■ **WHAT TO WORK ON**
Only the lines below between the ones containing "スクエアピアス サファイア ピアス ミル打ち ピアス K18" and "VIN: 1GCGTCEN9J1283862", inclusive, are to be reproduced, each exactly as it stands.

■ **RECORDS SUPPLIED**
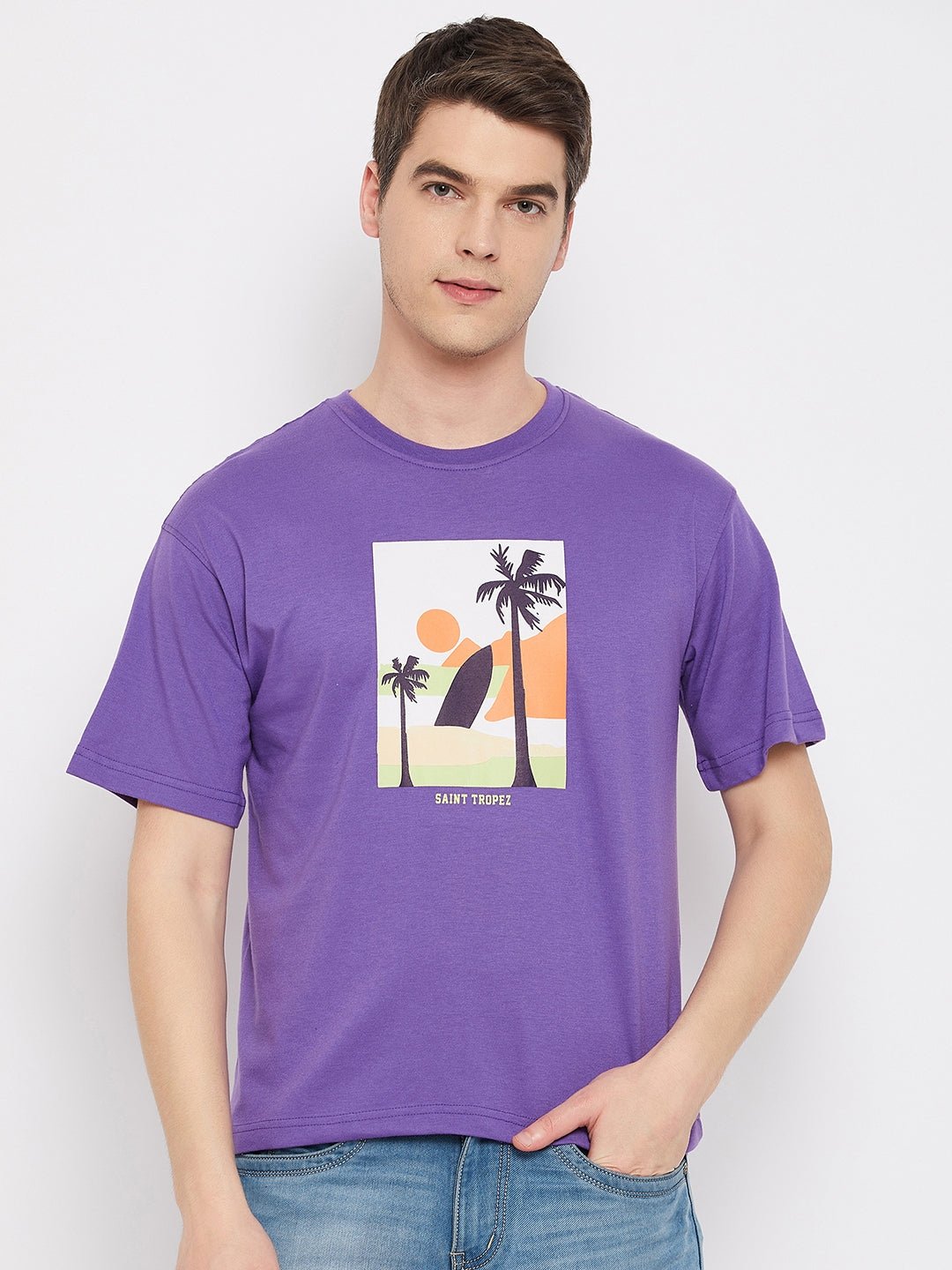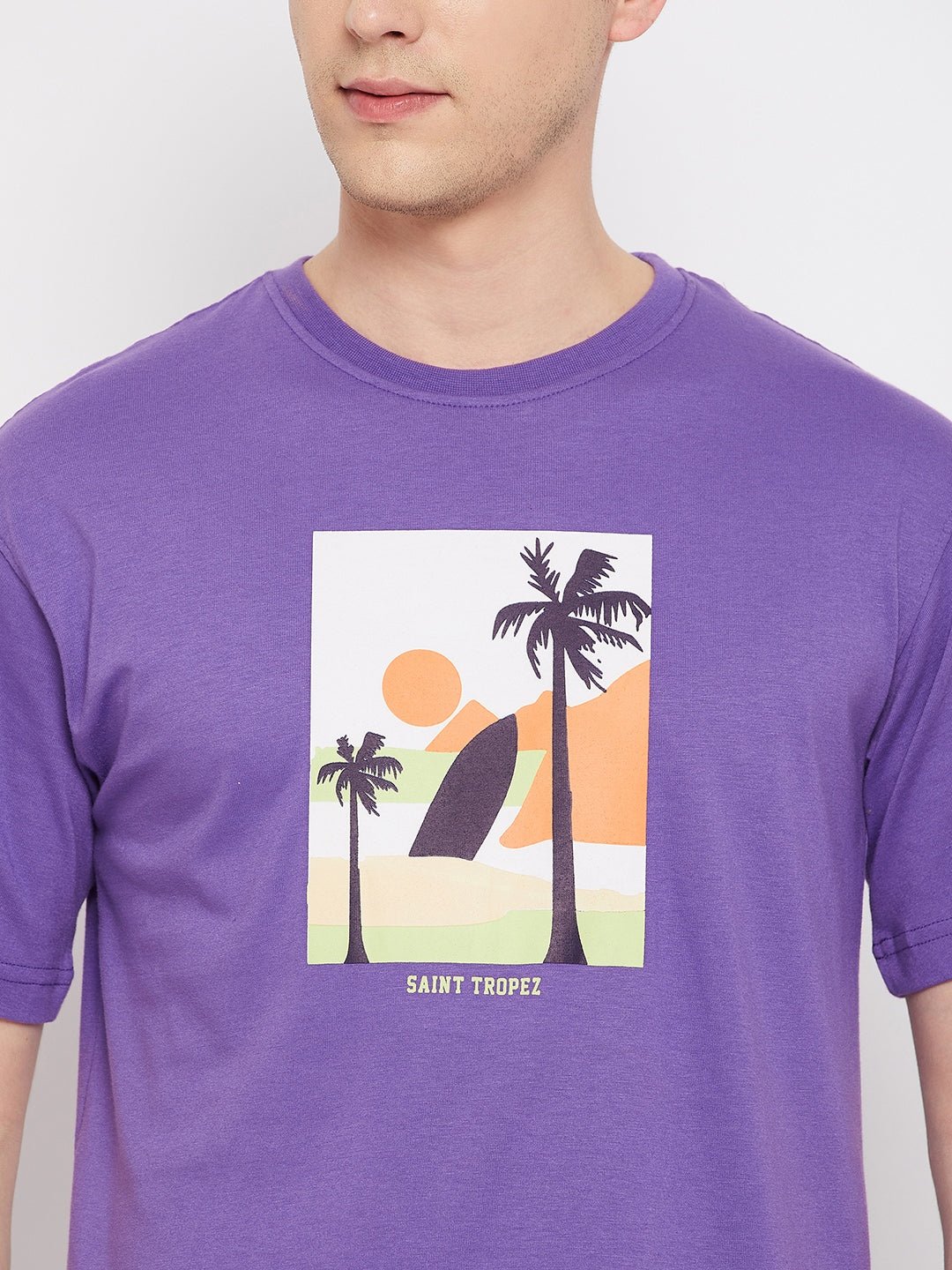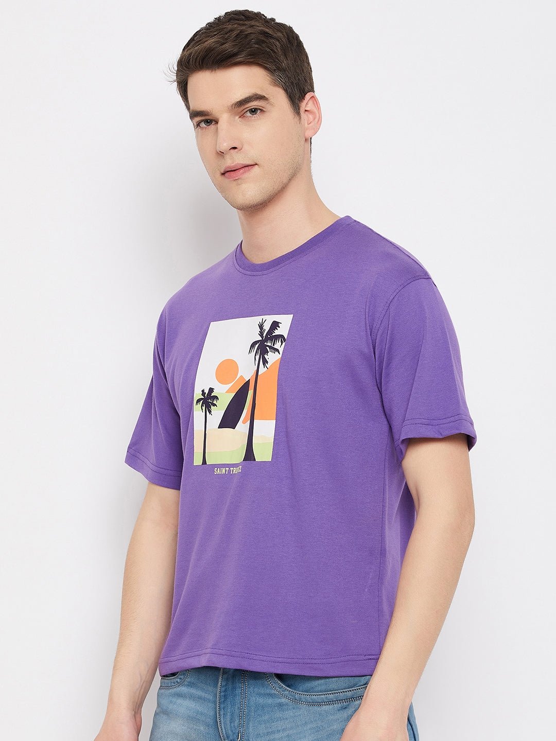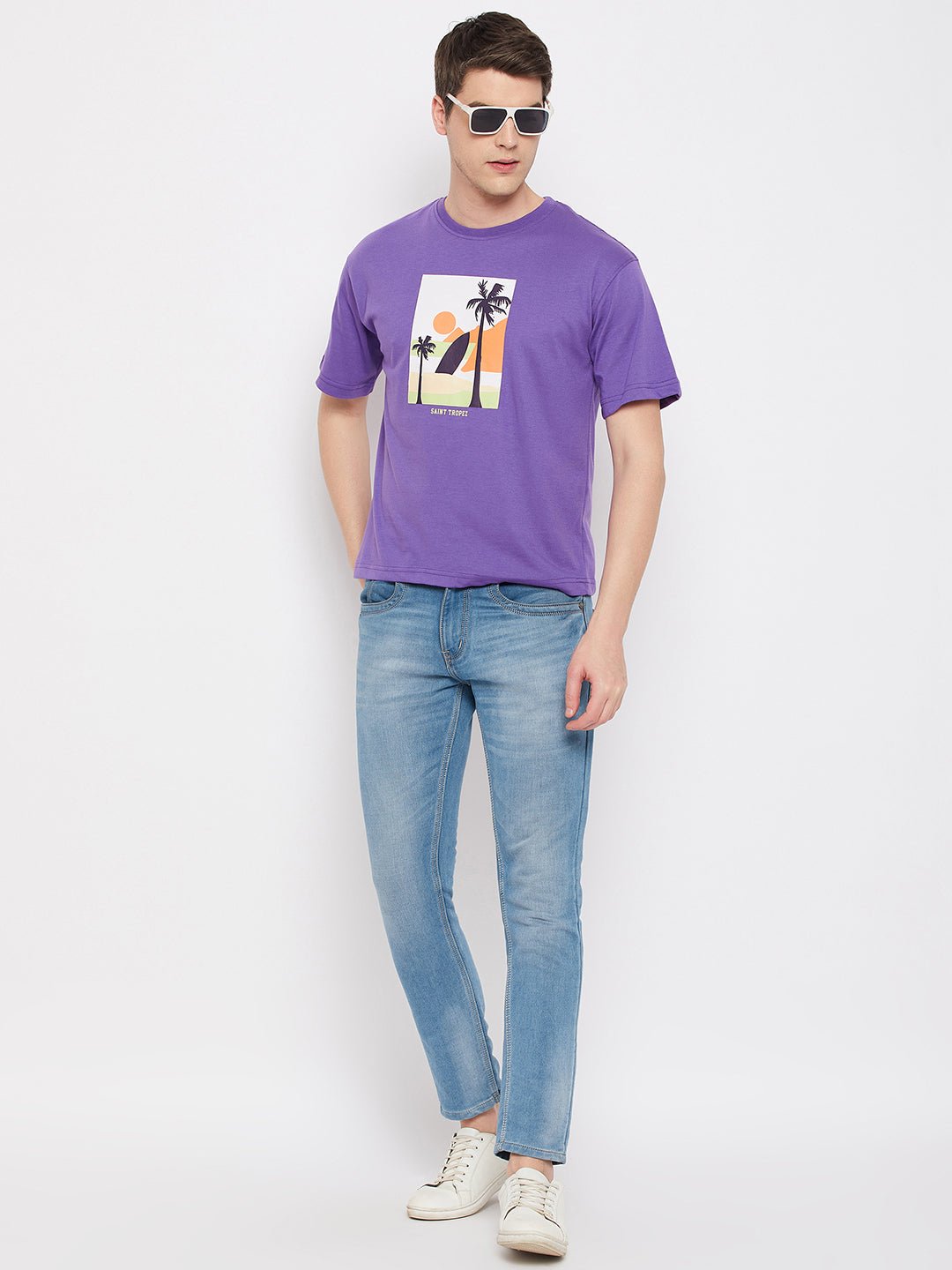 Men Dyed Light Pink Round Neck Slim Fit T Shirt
---
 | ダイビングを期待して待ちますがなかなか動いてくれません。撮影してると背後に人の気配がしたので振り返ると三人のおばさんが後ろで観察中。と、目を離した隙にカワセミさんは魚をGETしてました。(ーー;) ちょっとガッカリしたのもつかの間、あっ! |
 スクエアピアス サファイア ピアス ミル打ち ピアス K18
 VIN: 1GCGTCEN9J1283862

■ **REPLY**
 スクエアピアス サファイア ピアス ミル打ち ピアス K18
 VIN: 1GCGTCEN9J1283862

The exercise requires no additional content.